• **Activity**
Return the whole listing exactly, omitting the pictures.

• **Extracted entries**
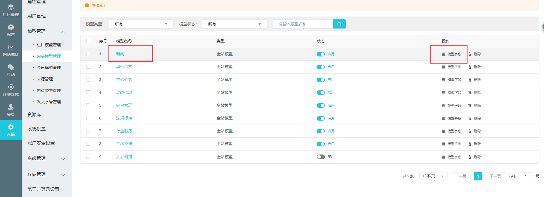 您这个是内容模型啊 我一直是说栏目模型 栏目模型是控制栏目的 内容模型是控制内容的 是2种模型
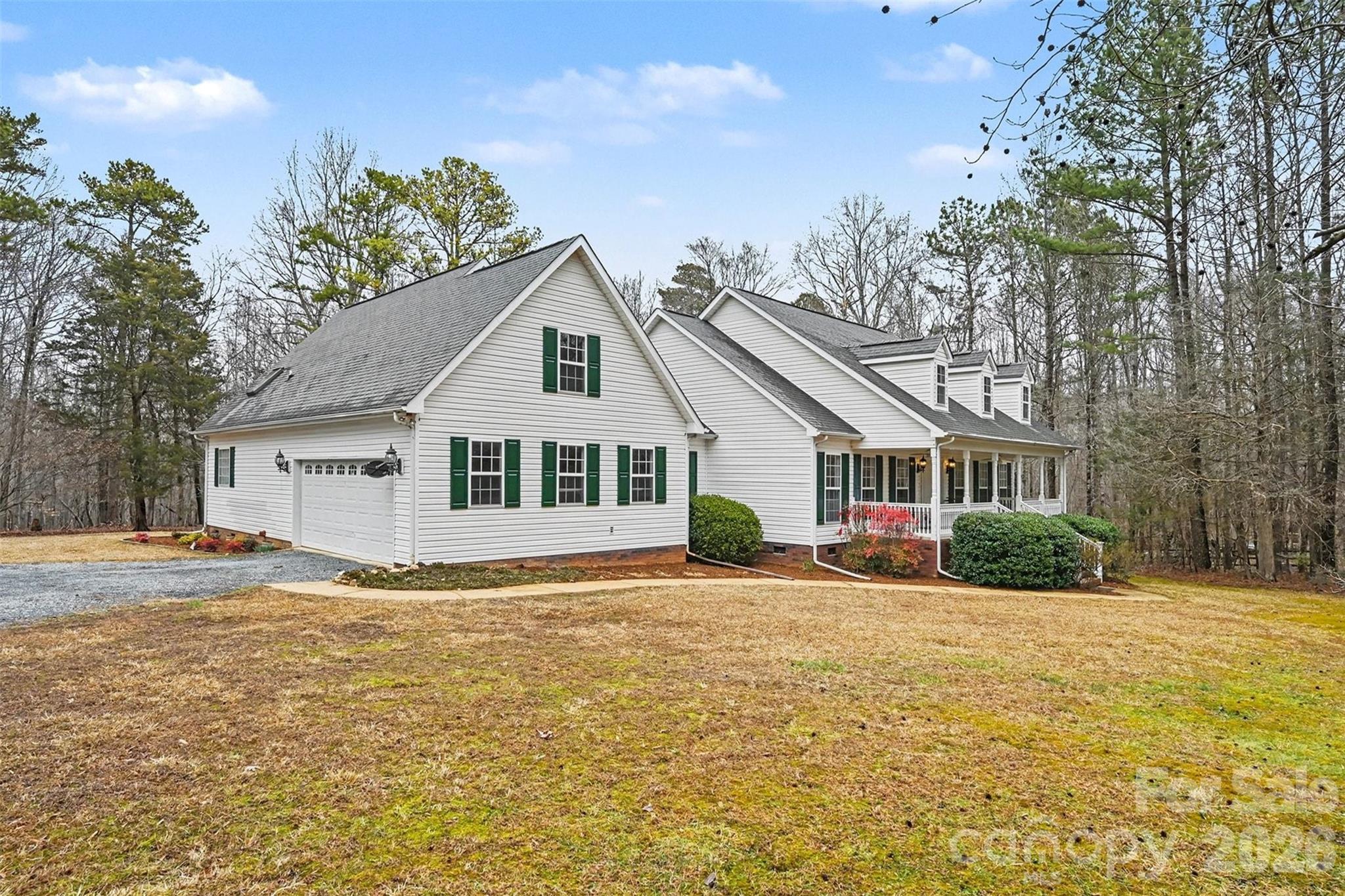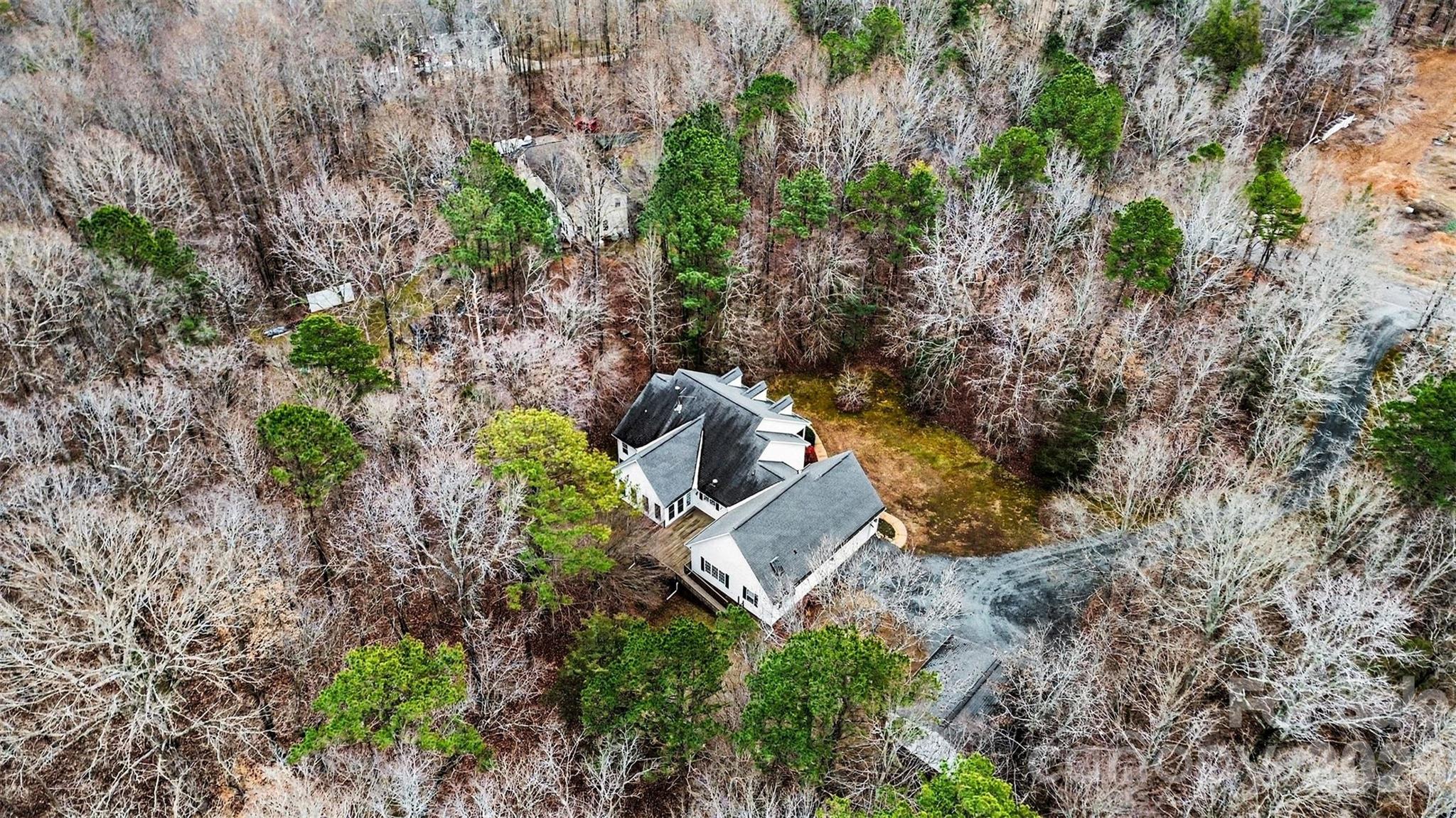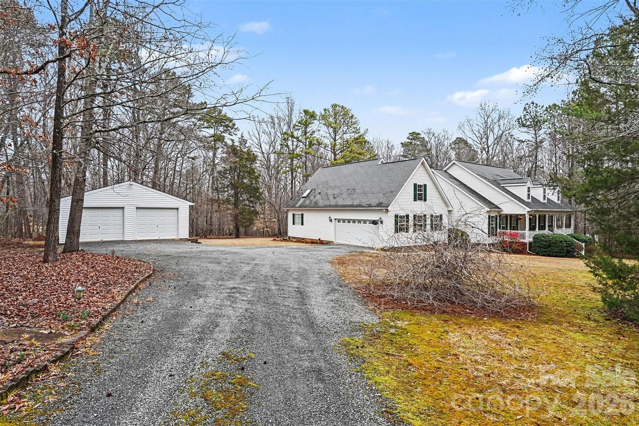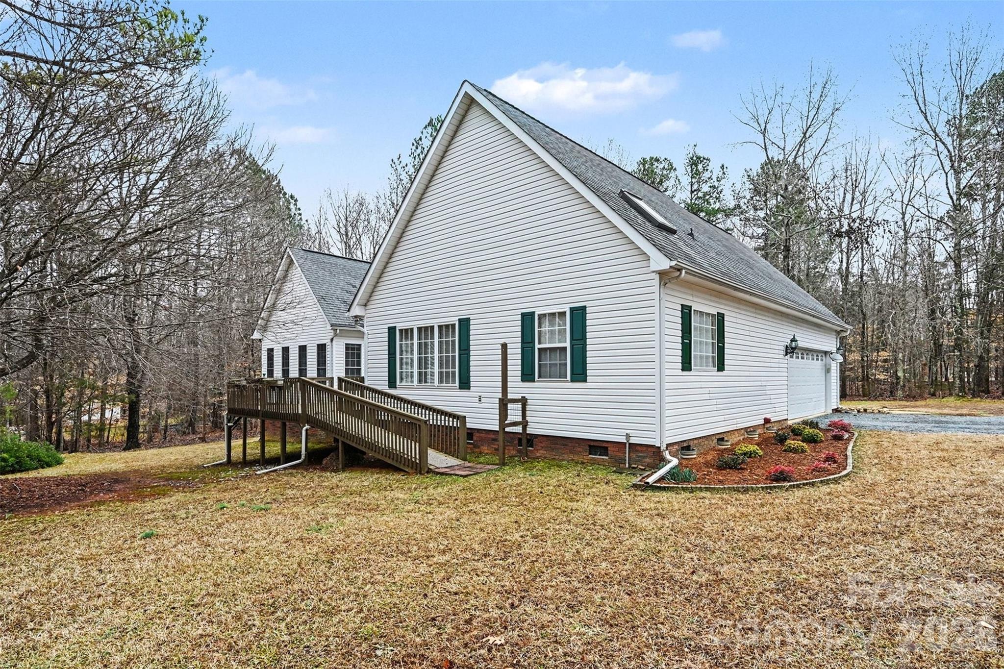 Tucked away on a beautifully wooded 4.04-acre lot in a quiet Waxhaw community, this well-maintained home offers the perfect blend of privacy, space, and comfortable everyday living. A welcoming front porch with classic curb appeal sets the tone as you step inside to a spacious, light-filled floor plan designed for both entertaining and daily life. The main living area features a vaulted ceiling and inviting wood-burning stove, creating a warm focal point upon entry. Double doors lead straight through the living room into an expansive sunroom filled with windows, offering peaceful views of the surrounding trees and seamless access to a large rear deck, also accessible from the primary bedroom. The deck includes a ramp for easy accessibility and provides an ideal setting for outdoor gatherings or quiet mornings at home. The home features a split-bedroom layout, with a generously sized primary suite offering a walk-in closet and a spacious ensuite bath. The kitchen is exceptionally functional with abundant cabinetry, extensive storage, and a large center island, perfect for cooking, hosting, and everyday organization. Additional highlights include a detached two-car garage/workshop, an attached two-car garage, and a setting that feels private yet convenient. This home has been thoughtfully cared for over the years and offers a rare opportunity to enjoy acreage, comfort, and flexibility in the Parkwood school district.
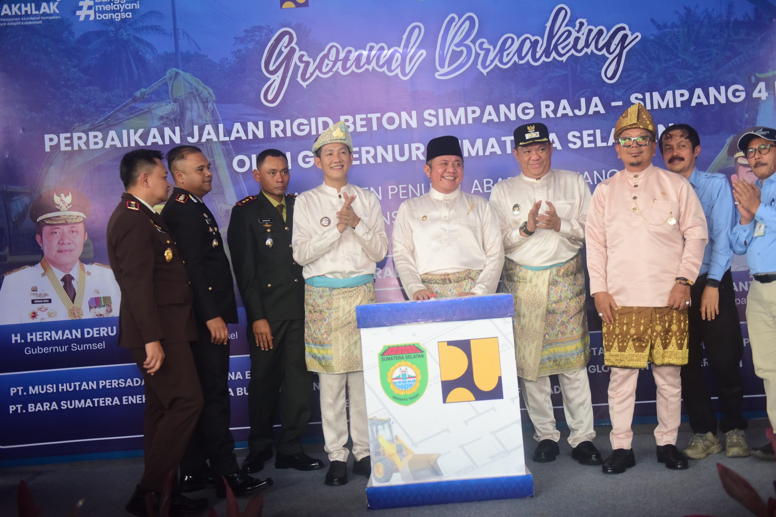 Gubernur Sumsel Herman Deru meresmikan ground breaking perbaikan jalan rigid beton ruas Simpang Raja–Simpang 4 PT MHP di Kabupaten Penukal Abab Lematang Ilir (PALI), Rabu (22/4/2026).
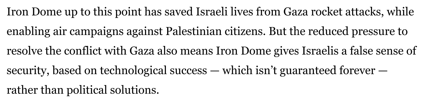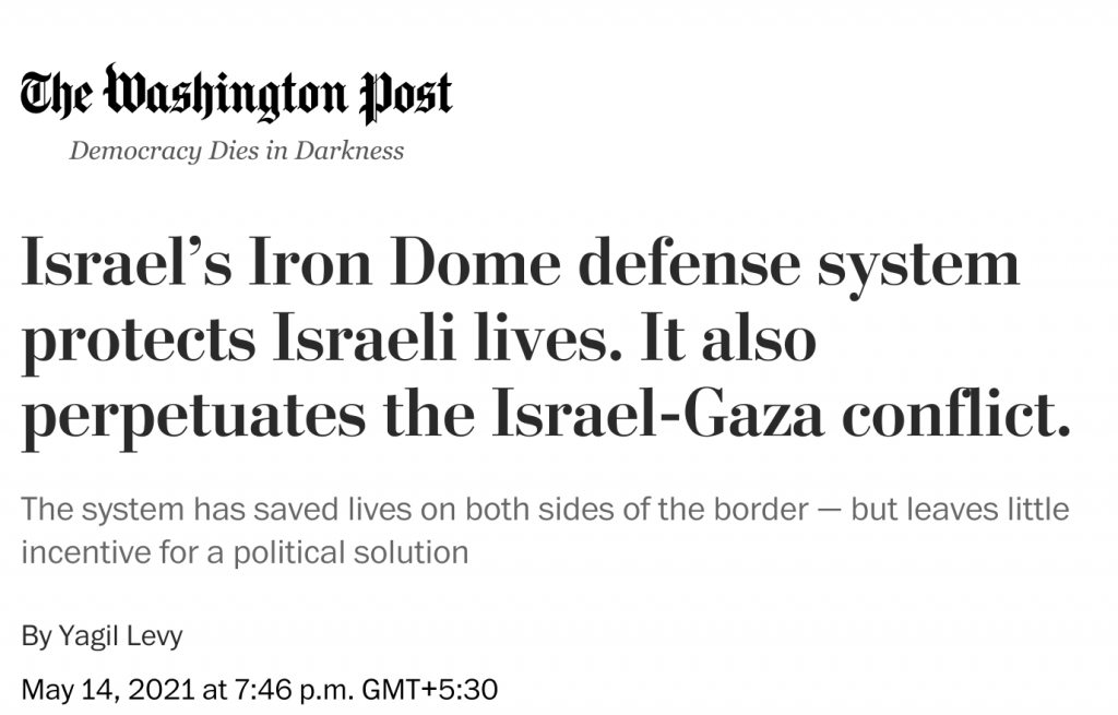 Further, WaPo claims that since Israel has Iron Dome, it has ‘false sense of security based on technological success’ which ‘isn’t guaranteed forever’.
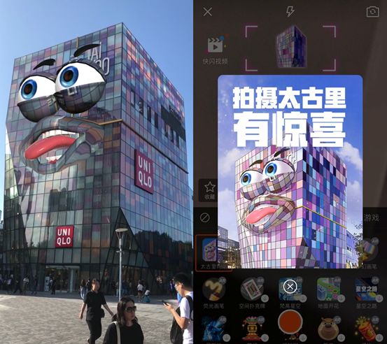新榜讯 9月4日,快手上线一款地标AR特效,用快手拍摄三里屯太古里,画面中建筑物瞬间变身“大眼萌”。
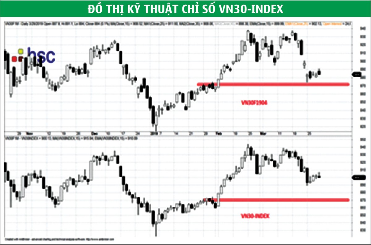 Đáy gần nhất chính là vùng hỗ trợ 860 - 870 điểm trên VN30F1904. Nếu trong các phiên tới, chỉ số chịu nhiều áp lực và lao tới khu vực này thì cơ hội mua sẽ mở ra, lúc đó độ lệch lớn giữa cơ sở và phái sinh là một điểm cộng cho vị thế mua. Trong kịch bản đi theo xu hướng, những nhịp hồi phục kỹ thuật lên khu vực kháng cự 895 - 900 điểm sẽ mở ra cơ hội bán. Một lưu ý nhỏ là độ chênh lệch giữa phái sinh và cơ sở phải nhỏ hơn 10 - 12 điểm thì mới cân nhắc tham gia bán để hạn chế rủi ro.
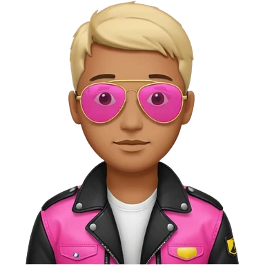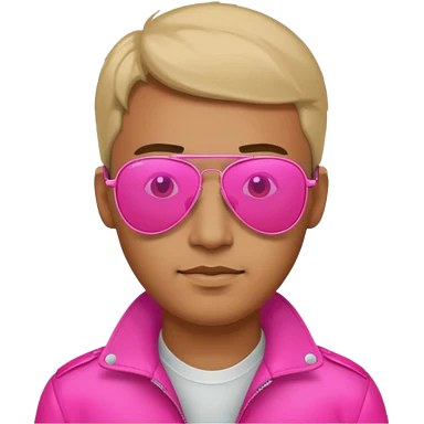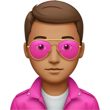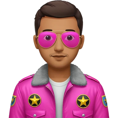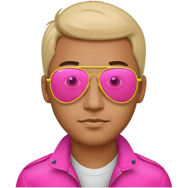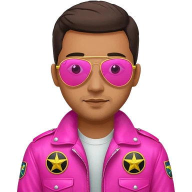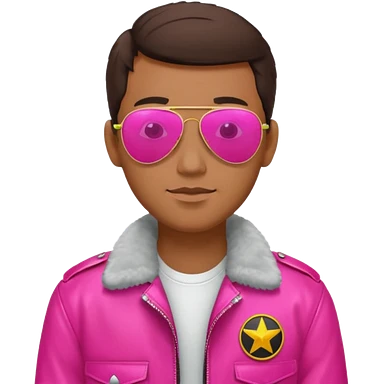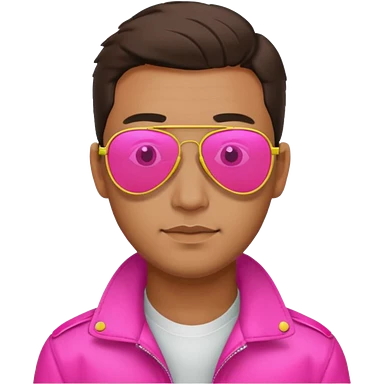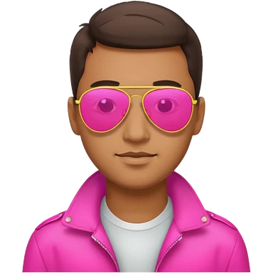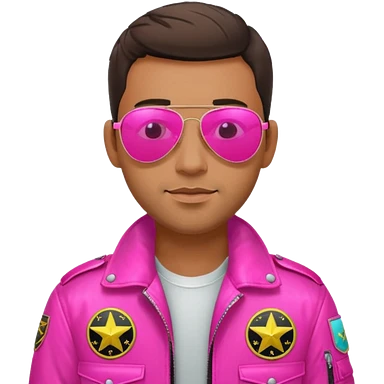 1980s man wearing reflective neon pink aviator sunglasses and a pilot jacket emoji

• **Solved exercise**
 您这个是内容模型啊 我一直是说栏目模型 栏目模型是控制栏目的 内容模型是控制内容的 是2种模型
 Tucked away on a beautifully wooded 4.04-acre lot in a quiet Waxhaw community, this well-maintained home offers the perfect blend of privacy, space, and comfortable everyday living. A welcoming front porch with classic curb appeal sets the tone as you step inside to a spacious, light-filled floor plan designed for both entertaining and daily life. The main living area features a vaulted ceiling and inviting wood-burning stove, creating a warm focal point upon entry. Double doors lead straight through the living room into an expansive sunroom filled with windows, offering peaceful views of the surrounding trees and seamless access to a large rear deck, also accessible from the primary bedroom. The deck includes a ramp for easy accessibility and provides an ideal setting for outdoor gatherings or quiet mornings at home. The home features a split-bedroom layout, with a generously sized primary suite offering a walk-in closet and a spacious ensuite bath. The kitchen is exceptionally functional with abundant cabinetry, extensive storage, and a large center island, perfect for cooking, hosting, and everyday organization. Additional highlights include a detached two-car garage/workshop, an attached two-car garage, and a setting that feels private yet convenient. This home has been thoughtfully cared for over the years and offers a rare opportunity to enjoy acreage, comfort, and flexibility in the Parkwood school district.
 Gubernur Sumsel Herman Deru meresmikan ground breaking perbaikan jalan rigid beton ruas Simpang Raja–Simpang 4 PT MHP di Kabupaten Penukal Abab Lematang Ilir (PALI), Rabu (22/4/2026).
 Further, WaPo claims that since Israel has Iron Dome, it has ‘false sense of security based on technological success’ which ‘isn’t guaranteed forever’.
新榜讯 9月4日,快手上线一款地标AR特效,用快手拍摄三里屯太古里,画面中建筑物瞬间变身“大眼萌”。
 Đáy gần nhất chính là vùng hỗ trợ 860 - 870 điểm trên VN30F1904. Nếu trong các phiên tới, chỉ số chịu nhiều áp lực và lao tới khu vực này thì cơ hội mua sẽ mở ra, lúc đó độ lệch lớn giữa cơ sở và phái sinh là một điểm cộng cho vị thế mua. Trong kịch bản đi theo xu hướng, những nhịp hồi phục kỹ thuật lên khu vực kháng cự 895 - 900 điểm sẽ mở ra cơ hội bán. Một lưu ý nhỏ là độ chênh lệch giữa phái sinh và cơ sở phải nhỏ hơn 10 - 12 điểm thì mới cân nhắc tham gia bán để hạn chế rủi ro.
 1980s man wearing reflective neon pink aviator sunglasses and a pilot jacket emoji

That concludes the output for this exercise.